What is required:
Restrict the output to the lines below starting at the one that contains "Famille personnalisée, pin" and ending at the one that contains "Valitse Acrobat > Muunna Adobe PDF:ksi.", and restate them word for word, both ends included.

[Records from a data collection]

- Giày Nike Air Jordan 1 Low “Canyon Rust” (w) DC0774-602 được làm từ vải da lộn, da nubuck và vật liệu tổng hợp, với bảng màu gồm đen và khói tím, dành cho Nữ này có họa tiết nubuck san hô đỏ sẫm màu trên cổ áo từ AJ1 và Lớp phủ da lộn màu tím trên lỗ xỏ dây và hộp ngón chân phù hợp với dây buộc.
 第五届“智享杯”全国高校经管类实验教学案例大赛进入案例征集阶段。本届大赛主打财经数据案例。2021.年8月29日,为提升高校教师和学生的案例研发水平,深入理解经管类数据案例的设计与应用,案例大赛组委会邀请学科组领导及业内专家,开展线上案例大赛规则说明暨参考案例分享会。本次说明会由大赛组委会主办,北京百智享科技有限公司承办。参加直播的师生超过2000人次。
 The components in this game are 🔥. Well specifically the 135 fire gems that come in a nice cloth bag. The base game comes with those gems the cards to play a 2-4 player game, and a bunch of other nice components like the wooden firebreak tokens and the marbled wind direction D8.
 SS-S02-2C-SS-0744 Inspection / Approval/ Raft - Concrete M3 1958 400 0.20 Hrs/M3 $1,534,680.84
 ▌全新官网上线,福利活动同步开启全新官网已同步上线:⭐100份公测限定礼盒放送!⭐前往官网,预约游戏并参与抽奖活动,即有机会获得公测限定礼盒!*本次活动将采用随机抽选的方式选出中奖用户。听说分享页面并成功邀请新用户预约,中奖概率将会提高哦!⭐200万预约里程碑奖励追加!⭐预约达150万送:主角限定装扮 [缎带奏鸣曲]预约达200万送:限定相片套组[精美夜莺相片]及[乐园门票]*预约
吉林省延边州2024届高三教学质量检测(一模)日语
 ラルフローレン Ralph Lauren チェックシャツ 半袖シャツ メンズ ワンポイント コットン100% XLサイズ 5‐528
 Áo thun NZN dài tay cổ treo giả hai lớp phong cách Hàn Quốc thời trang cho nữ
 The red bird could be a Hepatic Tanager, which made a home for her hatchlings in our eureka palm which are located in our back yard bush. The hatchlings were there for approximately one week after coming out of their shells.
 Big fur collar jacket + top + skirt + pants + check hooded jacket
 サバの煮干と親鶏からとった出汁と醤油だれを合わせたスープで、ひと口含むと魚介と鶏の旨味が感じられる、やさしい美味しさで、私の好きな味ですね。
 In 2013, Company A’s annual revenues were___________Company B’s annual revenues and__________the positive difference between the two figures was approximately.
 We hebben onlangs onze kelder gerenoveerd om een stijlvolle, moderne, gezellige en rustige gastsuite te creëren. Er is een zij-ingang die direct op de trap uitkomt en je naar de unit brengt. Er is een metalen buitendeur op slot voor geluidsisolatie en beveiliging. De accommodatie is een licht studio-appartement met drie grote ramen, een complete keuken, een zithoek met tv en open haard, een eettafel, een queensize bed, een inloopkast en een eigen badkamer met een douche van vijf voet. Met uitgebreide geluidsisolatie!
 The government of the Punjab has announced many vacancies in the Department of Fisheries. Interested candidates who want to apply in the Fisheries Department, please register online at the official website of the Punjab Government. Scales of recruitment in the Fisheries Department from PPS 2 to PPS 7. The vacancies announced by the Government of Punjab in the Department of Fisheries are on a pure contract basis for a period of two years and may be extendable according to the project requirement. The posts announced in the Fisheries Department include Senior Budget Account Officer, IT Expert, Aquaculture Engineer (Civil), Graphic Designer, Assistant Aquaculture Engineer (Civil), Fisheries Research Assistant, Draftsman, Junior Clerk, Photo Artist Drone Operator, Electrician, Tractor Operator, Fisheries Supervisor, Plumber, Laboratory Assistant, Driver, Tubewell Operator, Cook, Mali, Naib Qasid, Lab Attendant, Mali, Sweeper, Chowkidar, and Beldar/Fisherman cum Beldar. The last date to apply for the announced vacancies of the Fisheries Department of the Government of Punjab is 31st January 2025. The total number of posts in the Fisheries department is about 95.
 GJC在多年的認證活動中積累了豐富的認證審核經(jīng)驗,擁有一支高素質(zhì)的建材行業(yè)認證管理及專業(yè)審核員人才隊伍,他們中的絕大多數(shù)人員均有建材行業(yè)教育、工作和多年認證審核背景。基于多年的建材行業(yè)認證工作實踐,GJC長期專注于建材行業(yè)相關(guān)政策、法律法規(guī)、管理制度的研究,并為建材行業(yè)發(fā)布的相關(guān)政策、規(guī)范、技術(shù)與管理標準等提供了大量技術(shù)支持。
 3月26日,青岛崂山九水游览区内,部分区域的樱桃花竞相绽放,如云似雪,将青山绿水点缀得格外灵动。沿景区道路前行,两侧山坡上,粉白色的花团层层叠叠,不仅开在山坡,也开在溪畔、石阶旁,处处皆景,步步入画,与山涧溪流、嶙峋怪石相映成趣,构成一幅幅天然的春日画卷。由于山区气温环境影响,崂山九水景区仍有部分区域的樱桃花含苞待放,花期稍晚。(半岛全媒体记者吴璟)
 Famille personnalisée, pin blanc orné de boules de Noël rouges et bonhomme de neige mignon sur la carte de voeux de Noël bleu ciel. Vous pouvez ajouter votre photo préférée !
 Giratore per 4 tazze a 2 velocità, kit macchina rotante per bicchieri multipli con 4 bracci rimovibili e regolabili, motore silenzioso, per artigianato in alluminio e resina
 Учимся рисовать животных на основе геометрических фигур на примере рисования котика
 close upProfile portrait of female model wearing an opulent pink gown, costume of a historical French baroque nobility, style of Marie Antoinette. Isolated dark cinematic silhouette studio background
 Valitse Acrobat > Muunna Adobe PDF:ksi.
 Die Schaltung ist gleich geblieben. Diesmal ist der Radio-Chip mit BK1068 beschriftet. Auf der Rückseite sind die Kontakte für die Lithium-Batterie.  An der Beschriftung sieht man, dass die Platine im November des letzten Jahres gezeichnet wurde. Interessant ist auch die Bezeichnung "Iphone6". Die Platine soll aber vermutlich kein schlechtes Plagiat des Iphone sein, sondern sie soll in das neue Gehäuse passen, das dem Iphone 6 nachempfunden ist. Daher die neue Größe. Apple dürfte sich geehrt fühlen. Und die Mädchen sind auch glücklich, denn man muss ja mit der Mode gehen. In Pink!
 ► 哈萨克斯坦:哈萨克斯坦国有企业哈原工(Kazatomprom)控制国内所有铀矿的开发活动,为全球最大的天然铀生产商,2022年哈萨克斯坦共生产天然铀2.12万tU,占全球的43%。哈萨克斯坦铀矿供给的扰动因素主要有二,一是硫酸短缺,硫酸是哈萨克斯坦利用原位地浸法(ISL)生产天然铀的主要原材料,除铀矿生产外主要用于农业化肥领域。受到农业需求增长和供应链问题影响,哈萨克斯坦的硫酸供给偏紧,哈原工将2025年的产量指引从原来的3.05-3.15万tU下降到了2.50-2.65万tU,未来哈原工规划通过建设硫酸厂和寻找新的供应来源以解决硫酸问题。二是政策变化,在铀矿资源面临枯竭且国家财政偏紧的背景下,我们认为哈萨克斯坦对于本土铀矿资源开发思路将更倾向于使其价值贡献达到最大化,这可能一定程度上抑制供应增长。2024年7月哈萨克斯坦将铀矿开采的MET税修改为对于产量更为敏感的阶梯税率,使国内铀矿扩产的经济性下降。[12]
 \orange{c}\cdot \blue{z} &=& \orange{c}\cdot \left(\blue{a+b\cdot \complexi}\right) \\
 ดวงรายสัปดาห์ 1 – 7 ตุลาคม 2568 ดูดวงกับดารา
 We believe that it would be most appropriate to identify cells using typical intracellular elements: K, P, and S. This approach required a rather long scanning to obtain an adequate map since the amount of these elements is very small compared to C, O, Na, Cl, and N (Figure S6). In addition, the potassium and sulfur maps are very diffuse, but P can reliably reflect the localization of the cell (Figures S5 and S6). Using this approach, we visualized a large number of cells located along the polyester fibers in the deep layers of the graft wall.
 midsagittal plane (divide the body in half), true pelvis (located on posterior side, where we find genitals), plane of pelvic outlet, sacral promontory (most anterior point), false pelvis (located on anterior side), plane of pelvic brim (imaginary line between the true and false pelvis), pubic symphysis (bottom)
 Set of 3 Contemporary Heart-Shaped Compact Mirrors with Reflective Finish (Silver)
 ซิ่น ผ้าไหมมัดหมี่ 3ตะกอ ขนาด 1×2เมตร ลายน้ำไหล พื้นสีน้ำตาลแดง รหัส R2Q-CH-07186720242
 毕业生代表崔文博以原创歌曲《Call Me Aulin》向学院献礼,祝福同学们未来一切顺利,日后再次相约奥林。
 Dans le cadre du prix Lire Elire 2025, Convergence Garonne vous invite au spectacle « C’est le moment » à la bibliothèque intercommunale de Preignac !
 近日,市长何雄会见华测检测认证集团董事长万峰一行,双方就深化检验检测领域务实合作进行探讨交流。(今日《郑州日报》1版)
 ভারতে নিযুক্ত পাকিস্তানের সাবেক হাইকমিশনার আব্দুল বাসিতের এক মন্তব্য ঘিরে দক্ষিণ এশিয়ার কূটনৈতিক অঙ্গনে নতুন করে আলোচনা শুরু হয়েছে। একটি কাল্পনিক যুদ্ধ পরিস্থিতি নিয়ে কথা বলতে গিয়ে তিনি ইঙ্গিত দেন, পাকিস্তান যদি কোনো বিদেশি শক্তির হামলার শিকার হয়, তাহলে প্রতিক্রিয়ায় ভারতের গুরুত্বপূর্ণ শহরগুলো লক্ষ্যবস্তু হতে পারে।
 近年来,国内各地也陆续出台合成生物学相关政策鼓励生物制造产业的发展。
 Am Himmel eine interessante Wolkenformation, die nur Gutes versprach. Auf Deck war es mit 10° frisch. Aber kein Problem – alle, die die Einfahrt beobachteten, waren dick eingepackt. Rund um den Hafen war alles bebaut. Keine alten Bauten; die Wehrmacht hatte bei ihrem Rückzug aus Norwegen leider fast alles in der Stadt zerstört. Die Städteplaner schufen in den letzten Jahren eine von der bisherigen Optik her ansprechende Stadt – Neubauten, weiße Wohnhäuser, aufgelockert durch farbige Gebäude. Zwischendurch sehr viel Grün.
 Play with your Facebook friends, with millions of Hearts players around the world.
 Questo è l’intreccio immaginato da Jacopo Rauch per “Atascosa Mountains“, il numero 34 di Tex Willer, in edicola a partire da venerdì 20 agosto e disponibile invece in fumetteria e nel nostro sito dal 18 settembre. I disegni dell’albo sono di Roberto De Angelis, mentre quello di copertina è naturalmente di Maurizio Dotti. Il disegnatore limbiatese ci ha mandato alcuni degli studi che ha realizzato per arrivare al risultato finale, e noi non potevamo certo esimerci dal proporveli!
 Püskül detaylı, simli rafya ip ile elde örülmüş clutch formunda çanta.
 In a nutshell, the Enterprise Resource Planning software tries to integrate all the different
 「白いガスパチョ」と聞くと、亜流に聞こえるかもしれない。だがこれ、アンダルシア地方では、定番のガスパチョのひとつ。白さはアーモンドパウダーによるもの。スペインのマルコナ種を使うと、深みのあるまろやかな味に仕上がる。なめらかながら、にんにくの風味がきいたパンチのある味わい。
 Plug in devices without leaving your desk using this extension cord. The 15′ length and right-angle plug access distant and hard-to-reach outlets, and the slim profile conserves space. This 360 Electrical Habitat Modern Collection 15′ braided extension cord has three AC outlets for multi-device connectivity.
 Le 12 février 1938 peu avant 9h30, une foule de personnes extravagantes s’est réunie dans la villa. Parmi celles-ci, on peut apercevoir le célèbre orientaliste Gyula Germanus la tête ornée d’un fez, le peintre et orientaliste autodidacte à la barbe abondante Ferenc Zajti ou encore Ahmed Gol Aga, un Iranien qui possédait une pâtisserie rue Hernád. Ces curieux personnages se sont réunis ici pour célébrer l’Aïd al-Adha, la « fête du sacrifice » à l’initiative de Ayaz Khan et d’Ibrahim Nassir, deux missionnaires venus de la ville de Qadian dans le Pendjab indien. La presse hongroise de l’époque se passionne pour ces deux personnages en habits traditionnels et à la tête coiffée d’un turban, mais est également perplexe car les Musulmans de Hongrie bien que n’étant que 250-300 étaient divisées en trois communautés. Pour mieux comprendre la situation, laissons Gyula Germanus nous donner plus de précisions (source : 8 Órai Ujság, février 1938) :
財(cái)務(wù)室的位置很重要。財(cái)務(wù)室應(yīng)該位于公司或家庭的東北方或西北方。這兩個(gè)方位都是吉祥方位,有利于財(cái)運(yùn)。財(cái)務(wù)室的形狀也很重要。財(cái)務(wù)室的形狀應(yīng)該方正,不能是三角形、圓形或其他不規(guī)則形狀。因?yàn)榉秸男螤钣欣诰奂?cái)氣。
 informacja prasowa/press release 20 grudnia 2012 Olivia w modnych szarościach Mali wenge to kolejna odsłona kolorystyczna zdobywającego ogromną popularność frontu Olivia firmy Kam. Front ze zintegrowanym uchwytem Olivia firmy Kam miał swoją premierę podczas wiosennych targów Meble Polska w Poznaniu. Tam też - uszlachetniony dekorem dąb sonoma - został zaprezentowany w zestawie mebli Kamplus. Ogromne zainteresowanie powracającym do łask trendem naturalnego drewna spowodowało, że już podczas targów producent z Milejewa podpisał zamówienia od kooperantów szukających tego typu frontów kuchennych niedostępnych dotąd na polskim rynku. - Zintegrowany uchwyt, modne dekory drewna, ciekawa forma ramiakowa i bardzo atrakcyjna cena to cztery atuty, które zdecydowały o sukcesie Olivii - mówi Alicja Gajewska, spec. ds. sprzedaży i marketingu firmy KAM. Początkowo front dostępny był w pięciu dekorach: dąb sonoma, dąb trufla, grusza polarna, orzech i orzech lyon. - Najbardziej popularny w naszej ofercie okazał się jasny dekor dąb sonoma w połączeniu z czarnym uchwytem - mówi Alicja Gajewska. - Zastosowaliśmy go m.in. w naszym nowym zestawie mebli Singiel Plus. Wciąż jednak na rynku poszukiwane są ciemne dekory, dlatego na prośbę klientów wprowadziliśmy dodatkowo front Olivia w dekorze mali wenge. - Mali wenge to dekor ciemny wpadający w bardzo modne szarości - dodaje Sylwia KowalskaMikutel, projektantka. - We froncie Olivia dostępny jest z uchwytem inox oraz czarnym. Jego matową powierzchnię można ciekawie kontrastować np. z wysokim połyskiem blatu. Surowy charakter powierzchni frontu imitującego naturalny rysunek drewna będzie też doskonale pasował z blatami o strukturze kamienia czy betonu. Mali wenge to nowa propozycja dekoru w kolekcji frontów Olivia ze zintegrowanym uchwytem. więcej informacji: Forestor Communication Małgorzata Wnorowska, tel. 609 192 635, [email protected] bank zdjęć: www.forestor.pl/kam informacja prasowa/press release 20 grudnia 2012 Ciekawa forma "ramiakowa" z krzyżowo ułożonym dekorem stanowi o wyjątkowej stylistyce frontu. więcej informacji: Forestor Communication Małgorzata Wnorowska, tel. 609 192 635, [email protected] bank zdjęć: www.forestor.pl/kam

Solution for this problem:
 Famille personnalisée, pin blanc orné de boules de Noël rouges et bonhomme de neige mignon sur la carte de voeux de Noël bleu ciel. Vous pouvez ajouter votre photo préférée !
 Giratore per 4 tazze a 2 velocità, kit macchina rotante per bicchieri multipli con 4 bracci rimovibili e regolabili, motore silenzioso, per artigianato in alluminio e resina
 Учимся рисовать животных на основе геометрических фигур на примере рисования котика
 close upProfile portrait of female model wearing an opulent pink gown, costume of a historical French baroque nobility, style of Marie Antoinette. Isolated dark cinematic silhouette studio background
 Valitse Acrobat > Muunna Adobe PDF:ksi.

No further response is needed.